Forrest G, Sills G J, Leach J P, Brodie M J
University Department of Medicine and Therapeutics, Western Infirmary, Glasgow, UK.
J Chromatogr B Biomed Appl. 1996 Jun 7;681(2):421-5. doi: 10.1016/0378-4347(96)00074-6.
A rapid and simple method for determination of the novel antiepileptic compound gabapentin [1-(aminomethyl)cyclohexaneacetic acid] in plasma is described. Blank human plasma was spiked with gabapentin (1.0-10.0 micrograms/ml) and internal standard [1-(aminomethyl)-cycloheptaneacetic acid; 5.0 micrograms/ml]. Individual samples were treated with 2 M perchloric acid, centrifuged and then derivatised with o-phthalaldehyde-3-mercaptopropionic acid. Separation was achieved on a Beckman Ultrasphere 5 microns reversed-phase column with mobile phase consisting of 0.33 M acetate buffer (pH 3.7; containing 100 mg/l EDTA)-methanol-acetonitrile (40:30:30, v/v). Eluents were monitored by fluorescence spectroscopy with excitation and emission wavelengths of 330 and 440 nm, respectively. The calibration curve for gabapentin in plasma was linear (r = 0.9997) over the concentration range 1.0-10.0 micrograms/ml. Recovery was seen to be > or = 90%. The inter- and intra-assay variations for three different gabapentin concentrations were < or = 10% throughout. The lower limit of quantitation was found to be 0.5 microgram/ml. Chromatography was unaffected by a range of commonly employed antiepileptic drugs or selected amino acids.

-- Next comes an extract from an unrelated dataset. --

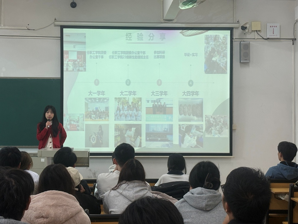 随后由两位在学业、科研或社会实践方面表现突出的高年级学长学姐分享经验。梁思颖同学详细介绍了大学四年可以参加的项目、竞赛及考证的类型与时间,鼓励新生积极参与各种社团活动,提升自己的综合素质;唐永祥同学结合自身经历,从“如何高效学习专业课程”、“如何参与实验室科研项目”到“如何平衡学习与社团活动”,分享了宝贵的心得与实用技巧。学长学姐们风趣幽默、真诚恳切的讲述,引起了在场新生的强烈共鸣。这种“朋辈引领”的方式,极大地消除了新生们对未来的迷茫与焦虑,树立了可见、可学的榜样。

本文描述了一种快速简便的测定血浆中新型抗癫痫化合物加巴喷丁[1-(氨甲基)环己烷乙酸]的方法。将空白人血浆加入加巴喷丁(1.0 - 10.0微克/毫升)和内标[1-(氨甲基)环庚烷乙酸;5.0微克/毫升]。各个样品用2M高氯酸处理,离心,然后用邻苯二甲醛-3-巯基丙酸进行衍生化。在贝克曼Ultrasphere 5微米反相柱上进行分离,流动相由0.33M乙酸盐缓冲液(pH 3.7;含有100毫克/升乙二胺四乙酸)-甲醇-乙腈(40:30:30,v/v)组成。洗脱液通过荧光光谱法监测,激发波长和发射波长分别为330纳米和440纳米。血浆中加巴喷丁的校准曲线在1.0 - 10.0微克/毫升浓度范围内呈线性(r = 0.9997)。回收率≥90%。三种不同加巴喷丁浓度的批间和批内变异始终≤10%。定量下限为0.5微克/毫升。色谱分析不受一系列常用抗癫痫药物或选定氨基酸的影响。